◆ Exercise description
Print exactly the lines below between the line containing "каже Настя Кичук." and the line containing "Sezane | Chester", counting both of those lines. Leave pictures out.

◆ Data shown
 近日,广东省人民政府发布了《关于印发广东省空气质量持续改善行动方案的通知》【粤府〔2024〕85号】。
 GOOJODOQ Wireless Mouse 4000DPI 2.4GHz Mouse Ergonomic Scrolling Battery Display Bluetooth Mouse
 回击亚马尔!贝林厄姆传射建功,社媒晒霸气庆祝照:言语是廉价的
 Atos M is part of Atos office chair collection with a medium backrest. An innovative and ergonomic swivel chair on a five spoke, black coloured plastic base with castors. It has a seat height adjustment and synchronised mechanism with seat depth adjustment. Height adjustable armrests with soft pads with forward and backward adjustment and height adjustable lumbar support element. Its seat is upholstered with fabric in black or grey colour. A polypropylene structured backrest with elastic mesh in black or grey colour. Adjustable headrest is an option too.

* * *

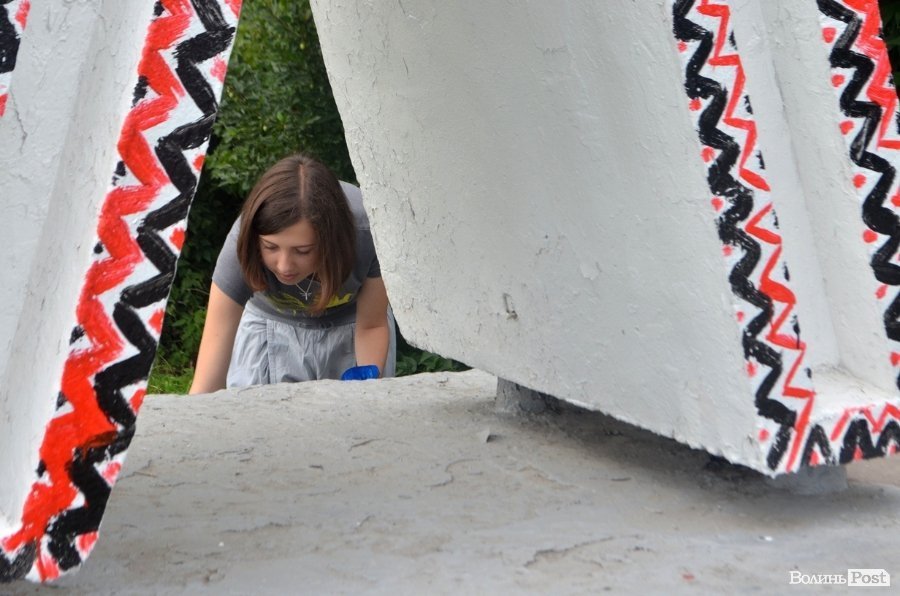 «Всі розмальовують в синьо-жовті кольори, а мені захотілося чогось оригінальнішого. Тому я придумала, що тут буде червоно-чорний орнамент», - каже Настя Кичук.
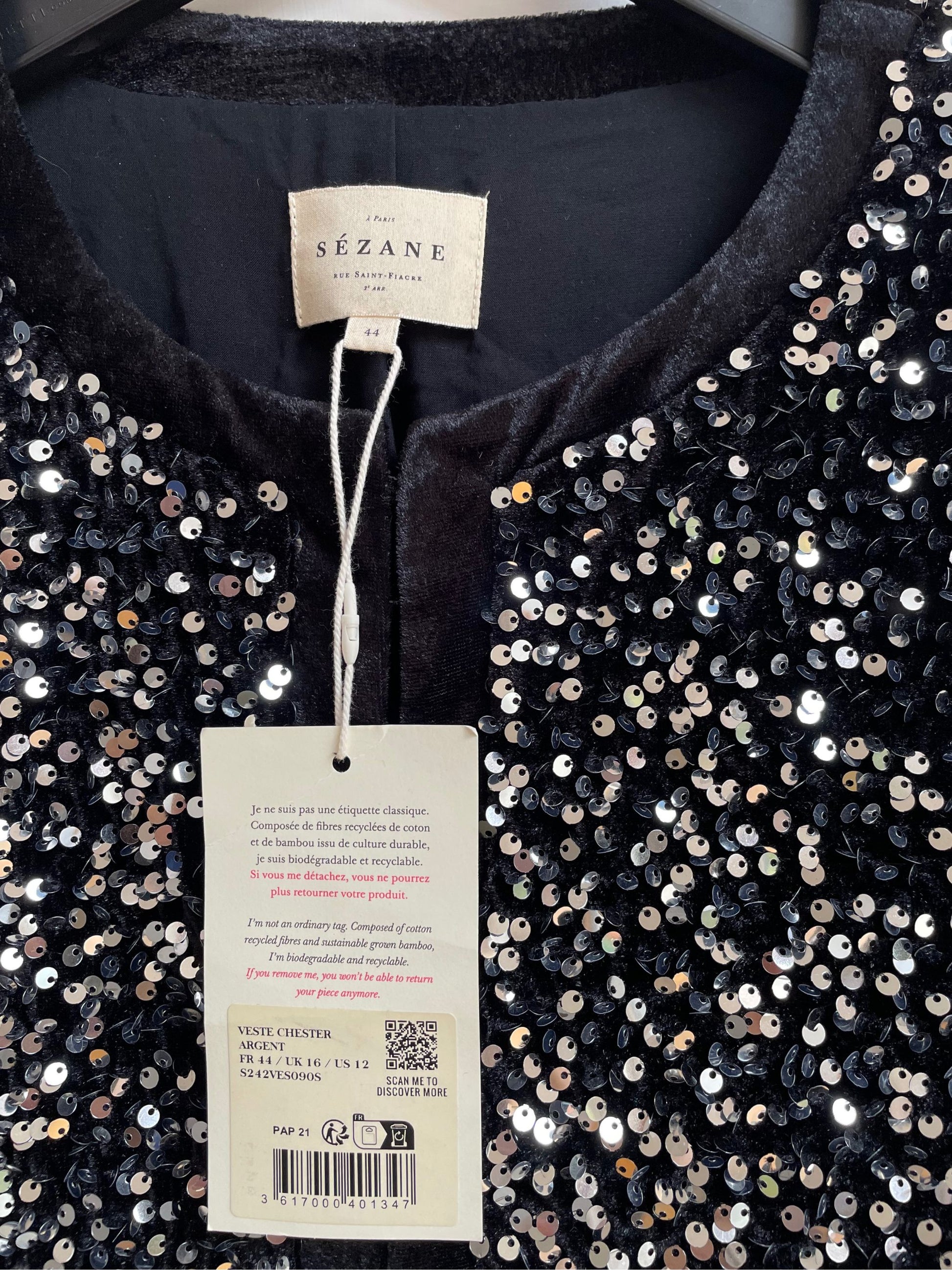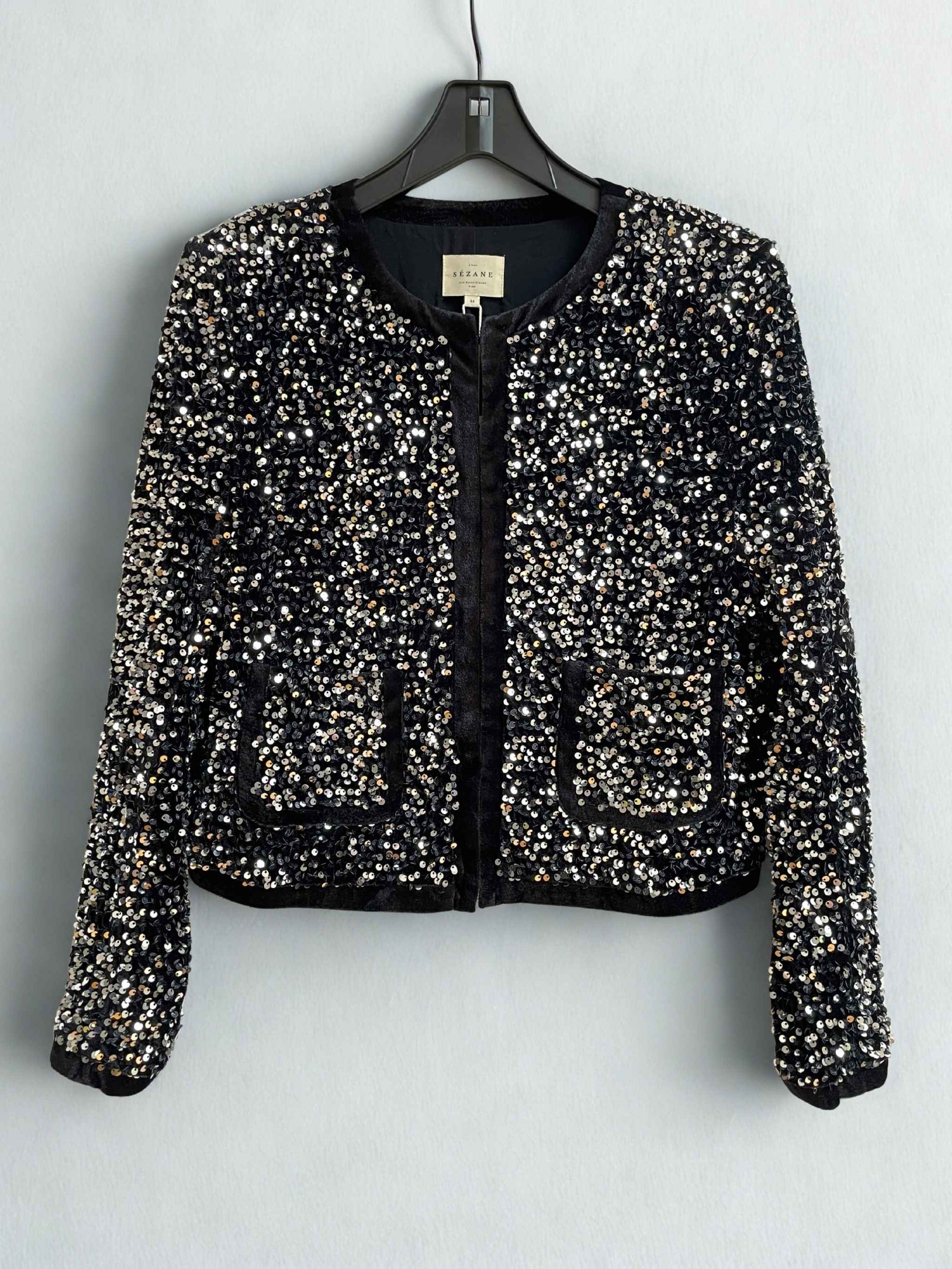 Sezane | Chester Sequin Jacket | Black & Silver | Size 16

◆ Output for this task
 «Всі розмальовують в синьо-жовті кольори, а мені захотілося чогось оригінальнішого. Тому я придумала, що тут буде червоно-чорний орнамент», - каже Настя Кичук.
 Sezane | Chester Sequin Jacket | Black & Silver | Size 16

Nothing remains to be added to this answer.